Blue People, Red State - Winter 2010 travel blog

 

 

 

 

 

 


I grew up in one of the poorer families in our town. What I did not realize at the time was that our town was in one of the wealthiest counties in the nation. It did give me a rather skewed understanding of relative wealth. But here in Hidalgo County in the Rio Grande Valley, there is no doubt; there are many very poor people living here. Poor housing and pawn shops are obvious signs that the level of income is low, but we spotted the most vivid example of the low level of income here in the newspaper which carried an ad for one of those “Girls, Girls, Girls” places that a certain sort of man might want to frequent on Friday night. The cover charge was a mere $5 and patrons were encouraged to BYOB (bring their own liquor). Now that’s affordable sleaze!

At a recent event we got a copy of “The Official Guide to the Rio Grande Valley.” Inside amidst enticing photos of things to see and do, were the official statistics for the towns in the valley: Alamo - median salary $21,820, major employer Walmart; Weslaco - median salary $26,573; Mercedes - median salary $24,064, La Feria - median salary $25,267; San Benito - median salary $26,155 and for these towns the major employer was the school district. Few educators in metro Chicago would get out of bed for those salaries. Some towns had median salaries in the low $30,000 - their major employer was the Department of Homeland Security.

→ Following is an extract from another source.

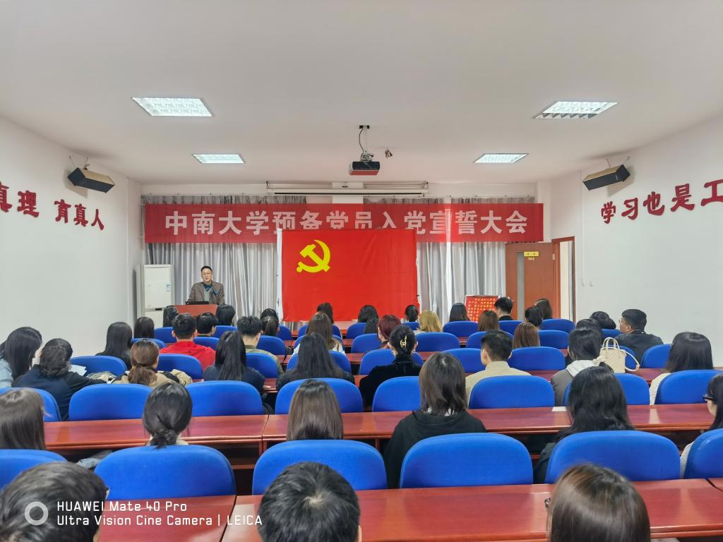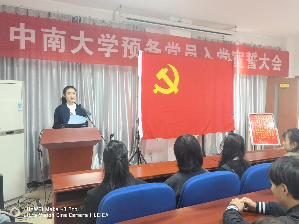 宣誓仪式在雄壮的国歌声中拉开帷幕。陈乐凯老师向参加宣誓仪式的党员讲述了入党宣誓仪式的特殊意义并宣读参加此次宣誓的党员名单。接着,在院分党校班导师李萌萌老师带领下,全体预备党员在党旗前庄严宣誓。

Many of the folks in our campground stay put for three to six months rather than flitting around as we do. They find the poverty hard to ignore and have a number of projects to raise money to give to poor local families. Our lane has an auction at the end of February where people donate things they no longer use. Last year they raised almost $1700. The lane also has weekly cocktail parties which in actuality are light on the cocktails, but concentrate on helping those around here. A coffee can is brought to each meeting and passed around. People throw in the coins they have in their pockets and it all adds up. Last year a local family was adopted and given a couch, a washing machine, and changes of clothes for the five children and their parents. They described the home as neatly kept and the father, a migrant worker, was the sole wage earner. Their old washing machine drained onto the ground. Some of the campers also tutor in the schools. Students who don’t speak English at home need extra attention to get up to speed. It’s no wonder that we see so many signs welcoming the Winter Texans.